─── Records provided
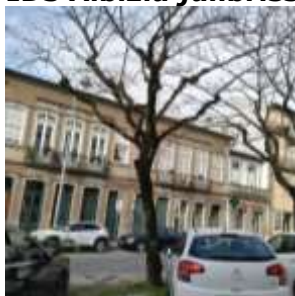
Figura 2 – Imagem da envolvente do exemplar
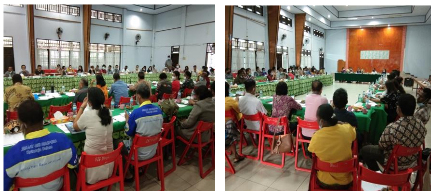
Gambar 2. Identifikasi Masalah Pengelolaan Keuangan

Kegiatan pengabdian ini dilaksanakan pada tanggal 06 Mei sampai dengan 31 Desember 2022. Adapun tahapan yang dilakukan dalam pelaksanaan pendampingan ini yaitu pengamatan yang dilakukan kepada para pemegang kas Urusan, Unsur, Rayon, Pengelola GSG, dan Sekolah TK jemaat GKI Diaspora Kotaraja selama satu bulan kemudian melakukan FGD mengenai permasalahan dan kendala yang dihadapi dalam pengelolaan keuangan.
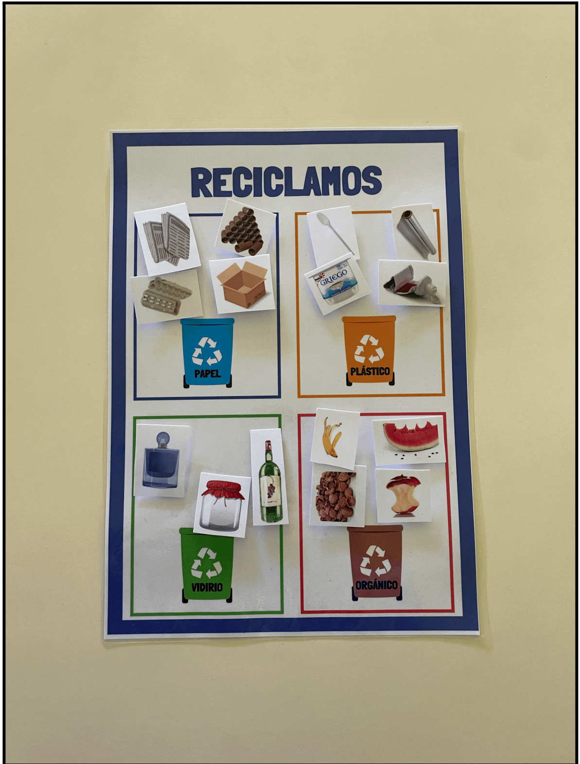
Imagen 4: ficha contenedores.
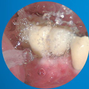
毎分1,200回の脈動水流
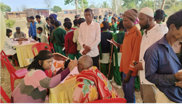
जन आरोग्य केंद्र, सीसीएल द्वारा आयोजित सुतियाम्बे बस्ती में निःशुल्क स्वास्थ्य शिविर का एक दृश्य

विगत 02 फरवरी को सीसीएल जन आरोग्य केंद्र द्वारा राँची के सुतियाम्बे बस्ती में निःशुल्क स्वास्थ्य सेवा शिविर का आयोजन किया गया। इस शिविर में 207 ग्रामीणों की एनेमिया की जाँच की गयी। इस शिविर में एनेमिया, उच्च रक्तचाप एवं मधुमेह के मरीजों की स्वास्थ्य जाँच कर उन्हें चिकित्सीय परामर्श देते हुए निःशुल्क दवाई भी प्रदान की गयी। बताते चलें कि सीसीएल अपने हितधारकों सहित कमान क्षेत्र के आस-पास रहने वाले सभी लोगों का विशेषकर गरीब और ग्रामीणों के स्वास्थ्य के प्रति जन सेवा के लिए कृतसंकल्पित है।
──────
- **Task item**
For every record above, repeat the text exactly and omit any picture.

- **Answer for this exercise**
Figura 2 – Imagem da envolvente do exemplar
Gambar 2. Identifikasi Masalah Pengelolaan Keuangan

Kegiatan pengabdian ini dilaksanakan pada tanggal 06 Mei sampai dengan 31 Desember 2022. Adapun tahapan yang dilakukan dalam pelaksanaan pendampingan ini yaitu pengamatan yang dilakukan kepada para pemegang kas Urusan, Unsur, Rayon, Pengelola GSG, dan Sekolah TK jemaat GKI Diaspora Kotaraja selama satu bulan kemudian melakukan FGD mengenai permasalahan dan kendala yang dihadapi dalam pengelolaan keuangan.
Imagen 4: ficha contenedores.
毎分1,200回の脈動水流
जन आरोग्य केंद्र, सीसीएल द्वारा आयोजित सुतियाम्बे बस्ती में निःशुल्क स्वास्थ्य शिविर का एक दृश्य

विगत 02 फरवरी को सीसीएल जन आरोग्य केंद्र द्वारा राँची के सुतियाम्बे बस्ती में निःशुल्क स्वास्थ्य सेवा शिविर का आयोजन किया गया। इस शिविर में 207 ग्रामीणों की एनेमिया की जाँच की गयी। इस शिविर में एनेमिया, उच्च रक्तचाप एवं मधुमेह के मरीजों की स्वास्थ्य जाँच कर उन्हें चिकित्सीय परामर्श देते हुए निःशुल्क दवाई भी प्रदान की गयी। बताते चलें कि सीसीएल अपने हितधारकों सहित कमान क्षेत्र के आस-पास रहने वाले सभी लोगों का विशेषकर गरीब और ग्रामीणों के स्वास्थ्य के प्रति जन सेवा के लिए कृतसंकल्पित है।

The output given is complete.